ACTIVITY. Retype only what runs from the line with "Щетка стеклоочистителя бескаркасная" through the end of the entries, exactly and in full, but omit any picture you find.

(Items from a dataset)
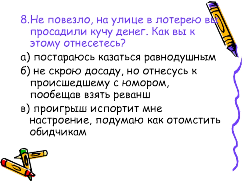 Слайд 108.Не повезло, на улице в лотерею вы просадили кучу денег. Как
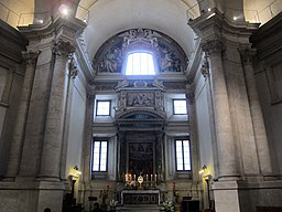 Another possible interpretation, defended among others by Paolo Portoghesi, points out the fusion of two contrasting spatial forms and the juxtaposition of two opposite axes; one longitudinal, derived from a classical oval shape (molle/ figure of Maria in Caravaggio) and one transversal which can be related to the Greek cruciform shape (durus/ figure of Joseph).
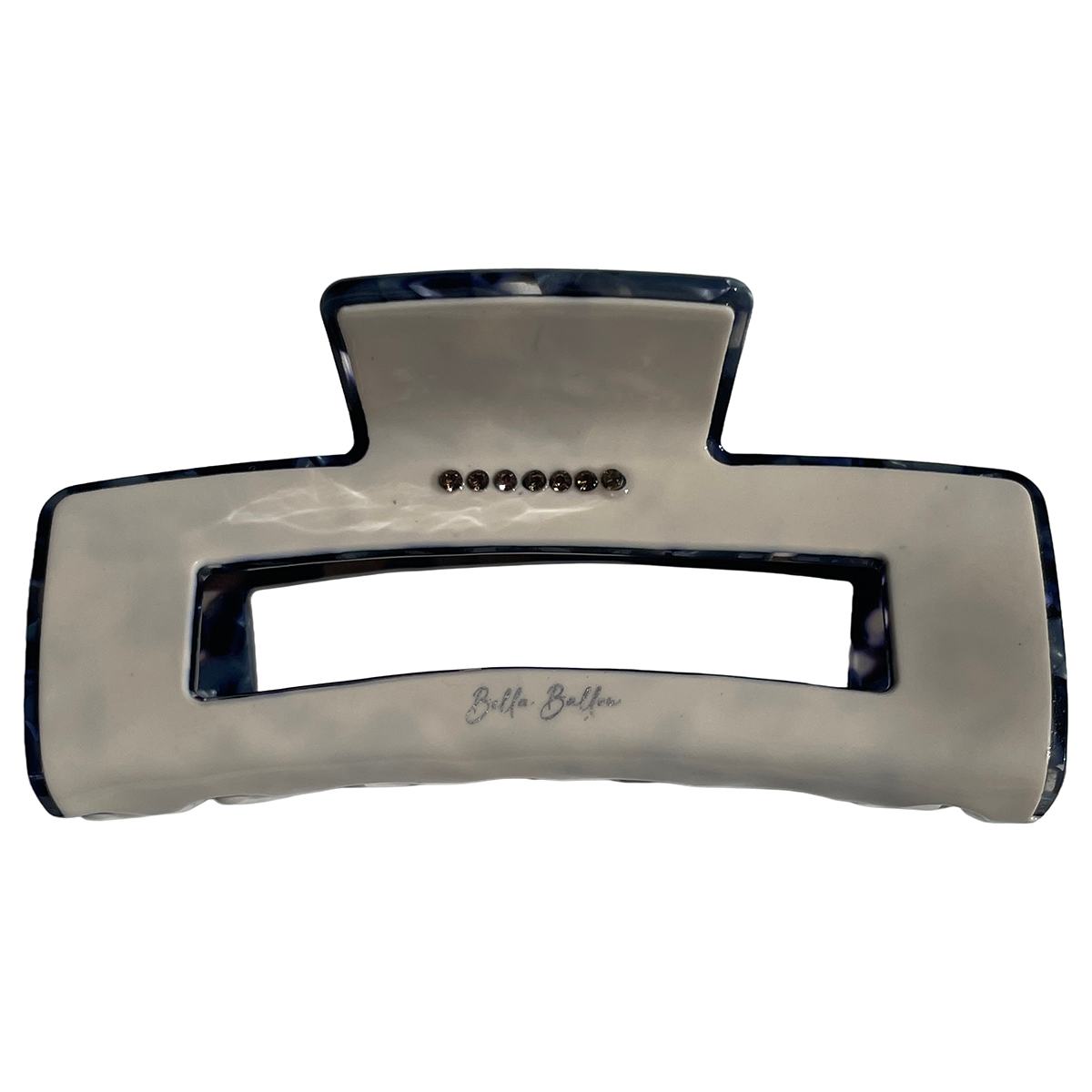 Robust hair clip with a row of rhinestones on both sides and silver-colored logo print. Madein environmentally friendly Cellulose Acetate. Fits tight and well in the hair.
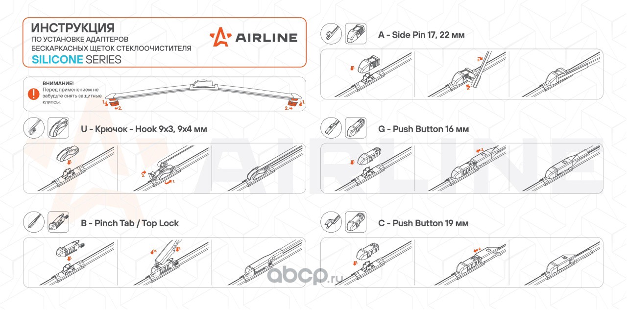 Щетка стеклоочистителя бескаркасная SILICONE 450мм (18") 5 адаптеров
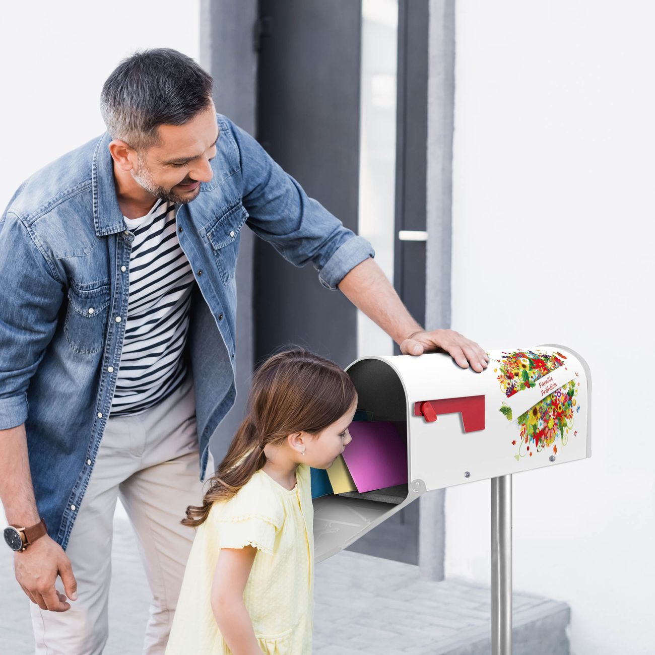 Der amerikanische Briefkasten von banjado mit Sommer Motiv bietet Ihnen ausreichend Fassungsvermögen, um große A4 Sendungen und Zeitschriften zu empfangen. Die typisch amerikanische rote Fahne zeigt Ihnen an, wenn Sie Post erhalten haben. Die US-Mailbox besteht aus verzinktem Stahlblech welches lackiert wurde und ist 48 x 22 x 16 CM (BxHxT) groß. Die Folie mit Motiv Sommer besteht aus einer wetter- und UV-resistenten Folie, die mit einem Schutzlaminat überzogen ist, sodass die US Mailbox zusätzlich vor Kratzern geschützt ist. An der Unterkante sind 4 Löcher je Seite um die Mailbox, typisch amerikanisch, an einem Holzpfahl oder einem Zaun zu befestigen. Auf Wunsch können Sie bei uns den passenden Standfuß oder die passende Wandhalterung kaufen um die US-Mailbox sicher zu befestigen. Wir bieten Ihnen ebenfalls Namensschilder, bereits beschriftet oder frei zu beschriften, und verschiedene selbst gestaltete Bitte-Keine-Werbung-Aufkleber.

SOLUTION TO THE PROBLEM.
 Щетка стеклоочистителя бескаркасная SILICONE 450мм (18") 5 адаптеров
 Der amerikanische Briefkasten von banjado mit Sommer Motiv bietet Ihnen ausreichend Fassungsvermögen, um große A4 Sendungen und Zeitschriften zu empfangen. Die typisch amerikanische rote Fahne zeigt Ihnen an, wenn Sie Post erhalten haben. Die US-Mailbox besteht aus verzinktem Stahlblech welches lackiert wurde und ist 48 x 22 x 16 CM (BxHxT) groß. Die Folie mit Motiv Sommer besteht aus einer wetter- und UV-resistenten Folie, die mit einem Schutzlaminat überzogen ist, sodass die US Mailbox zusätzlich vor Kratzern geschützt ist. An der Unterkante sind 4 Löcher je Seite um die Mailbox, typisch amerikanisch, an einem Holzpfahl oder einem Zaun zu befestigen. Auf Wunsch können Sie bei uns den passenden Standfuß oder die passende Wandhalterung kaufen um die US-Mailbox sicher zu befestigen. Wir bieten Ihnen ebenfalls Namensschilder, bereits beschriftet oder frei zu beschriften, und verschiedene selbst gestaltete Bitte-Keine-Werbung-Aufkleber.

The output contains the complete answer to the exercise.